---- Data section
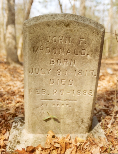 - Gravestones in the McDonald family cemetery on Crains Creek in Cameron, N. C., visited in 2003.
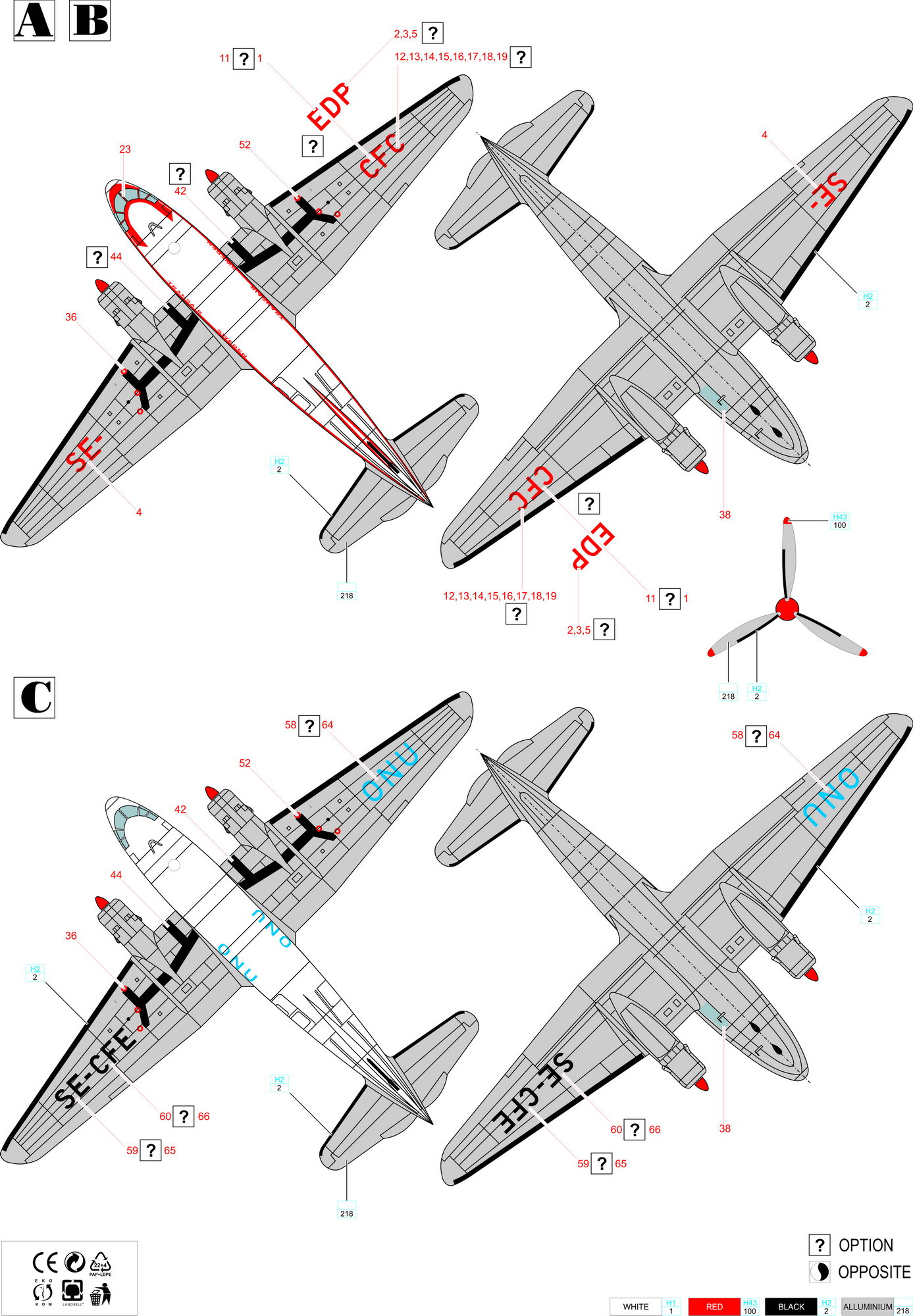 Decals options to make any of Trans Airs C-46 airframe - in either early or late livery PLUS version in UN service.
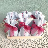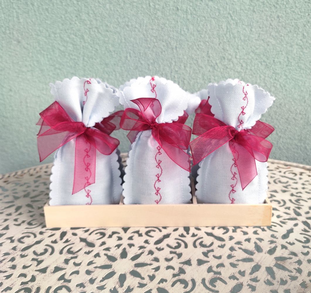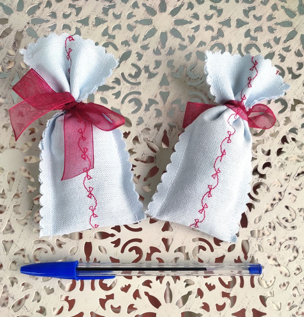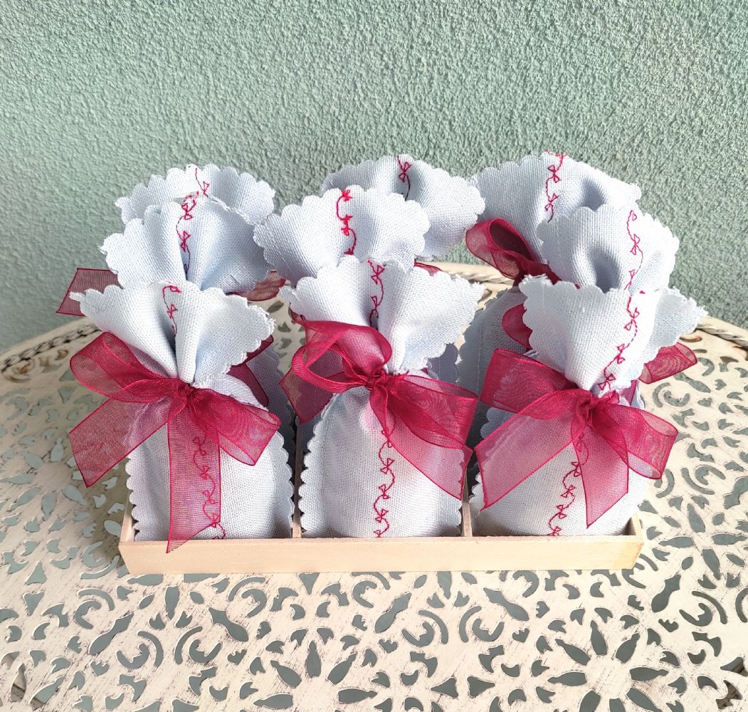 Realizzato con un bel tessuto nuovo colore azzurro chiaro, ricamato a macchina da me e confezionato in bustina trasparente regalabile.
--------
### Task to complete
Please set down the whole listing above exactly and skip every picture.

### Solution to the problem
 - Gravestones in the McDonald family cemetery on Crains Creek in Cameron, N. C., visited in 2003.
 Decals options to make any of Trans Airs C-46 airframe - in either early or late livery PLUS version in UN service.
 Realizzato con un bel tessuto nuovo colore azzurro chiaro, ricamato a macchina da me e confezionato in bustina trasparente regalabile.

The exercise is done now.